I made that decision... I walked away and could not go back because I know this is not the person I want to be for the rest of my life... I was hurt, I was angry but I was unstable... I wasn't giving myself a chance to move forward with my life... You know something I learned a few years ago.. Is fear... Fear of the unknown...Fear of succeeding more so because I've failed for so long that when I think I might make it, might accomplish something while than I get scared and do everything I can to be sure I'm not the changed person.
Thinking of it now... There is a great movie that was played... a man spent his entire life in jail serving a life sentence but he was just a kid when he went in, when he came out... he couldn't keep up with the way the world changed...he ended up taking his own life..

So when we think of change... not being able to ease into change... while I can't ease into the fact that really underneath all the lies of the life I live now...I'm a freaking awesome person...
yes I have shortcomings, I make poor decisions, and I live everyday trying to appreciate everything that happens... This is my life...and I'm learning very quickly how human I am... I had always imagined I'd be great...I'd be like a robot not faltering in my life... Was I ever wrong and each entry I have written once how great things are, and once how horrible and how much I hate everything, and how much I don't want to survive...yes yes I've done it all..

I thought about it... I know without a doubt that this life I used to live will always be a part of me. Just as much as an ex-drug user will always struggle with temptations... I will always struggle with my history of the choices and decisions that I struggled with..I will always have those things but just like those people I could say no and decide that my life is to be lived fully...

This past weekend... I thought I wouldn't survive and I came close a couple of times to falling apart and choosing something horrible... but even in those choices... there were people in this world who were with me, and there are things and circumstances in this world that will remind me of what the heck I'm doing with my life... I've never been meant, created and molded into drug use... I must fully understand my cravings for things for destruction really...
I'm learning quickly that I'm scared...scared to move forward...scared to let go...and scared to move on when I know this is how I'm creating my legacy, my life, and my future. I'm scared that I will fail...and yes believe me I will at some point fail and fall short... while I have to allow this and allow my emotions to play out the way they do when I fail and move forward.... It's a big blow to me when I know or feel I might fail or fall short of an accomplishment...

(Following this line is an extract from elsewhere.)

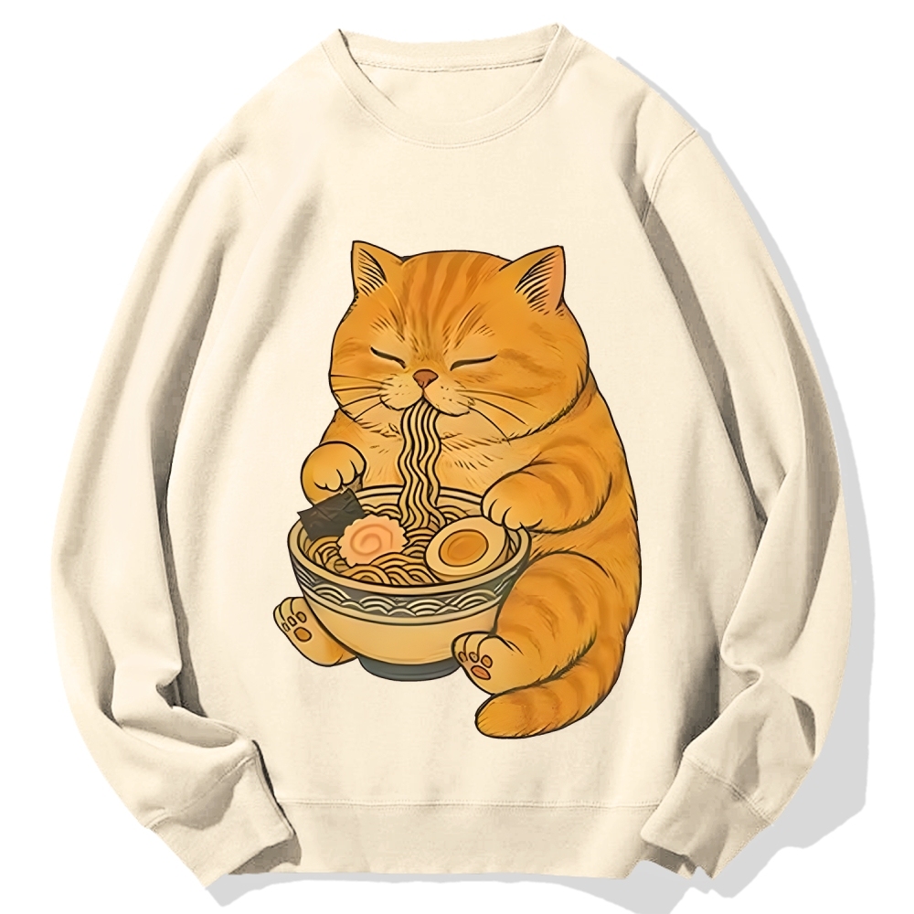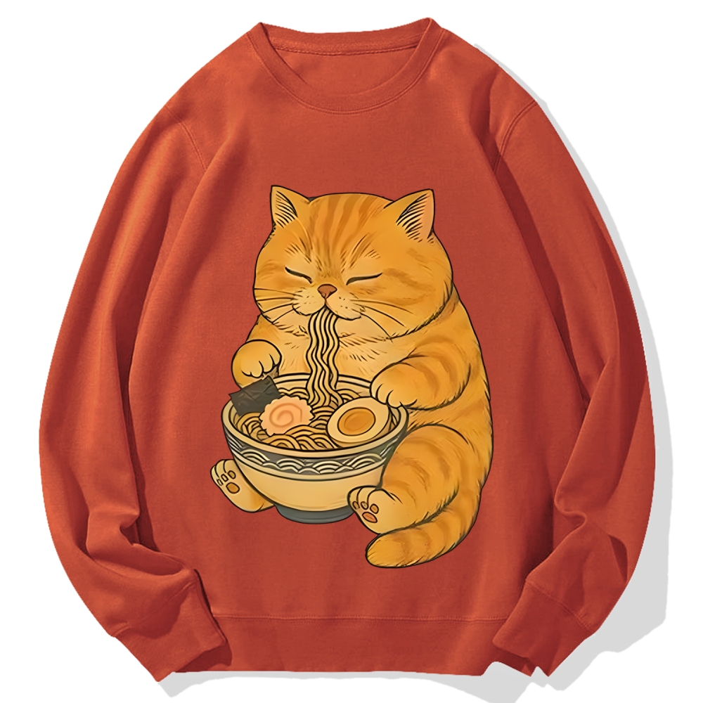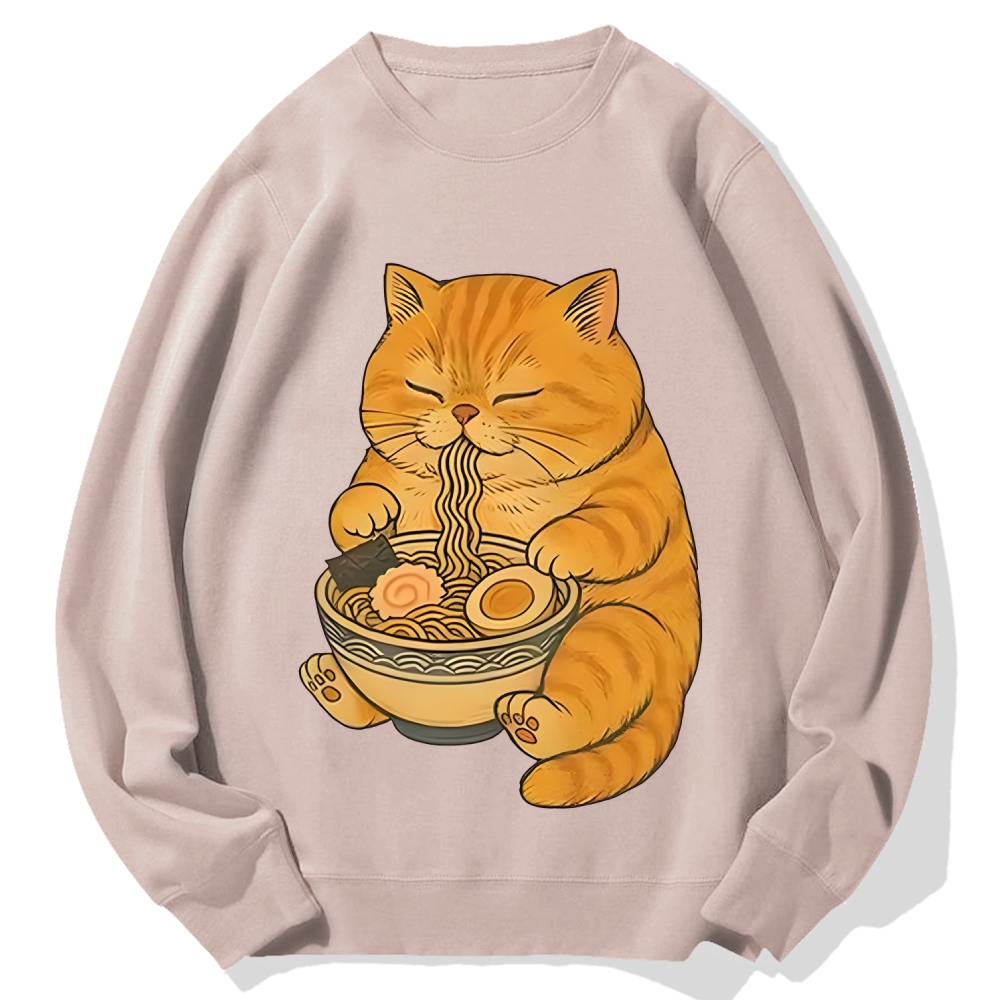 Orange Cat Eating Ramen Cotton Sweatshirt

I have high expectations for my life, my choices and decisions... I have not given myself grace because I know if I do I might as well just be a loser who doesn't do anything. It is because of my standards I am who I am...But it's also because of my standards I have the people in my life and I have expectations of them as well, standards to what kind of people they are to me.
How to let these things go...how to accept for who they are...or let go.. these are forms and things I'm working on... It will be a lot more difficult for me to let go of someone who is living, and breathing here in the city. I can only hope...it works out the way it needs too...

While I survived the weekend.... I survived it because I chose it... I chose it... I didn't want too believe me... I wasn't fully where I should be... but I did what I could with what I had... and can only hope for future results of honoring that day as much as I live everyday... One day I have to go all out and prepare myself for that... I just I'm scared too... I imagined that day for a whole year and as it came closer I had ideas of what I was going to do... But I had desires to live love and breath everyday....To honor my life and the reasons for this life why I chose to get off that ledge, why I chose to live each horrific event... While... I survived that weekend... I didn't do all I wanted...but I was there as best as I could be..and one day in the future I will do better and honor the way my heart is telling me too...

Until than... I am here...not fully here...From reading my previous post I'm struggling a war has begun within myself.. and I'm fighting with what I've got but feeling like it's not working, and trying to live...trying my best to find that hope, that wish, that desire that's deep within me that wants me to make it... Will take some time and only hope for the best.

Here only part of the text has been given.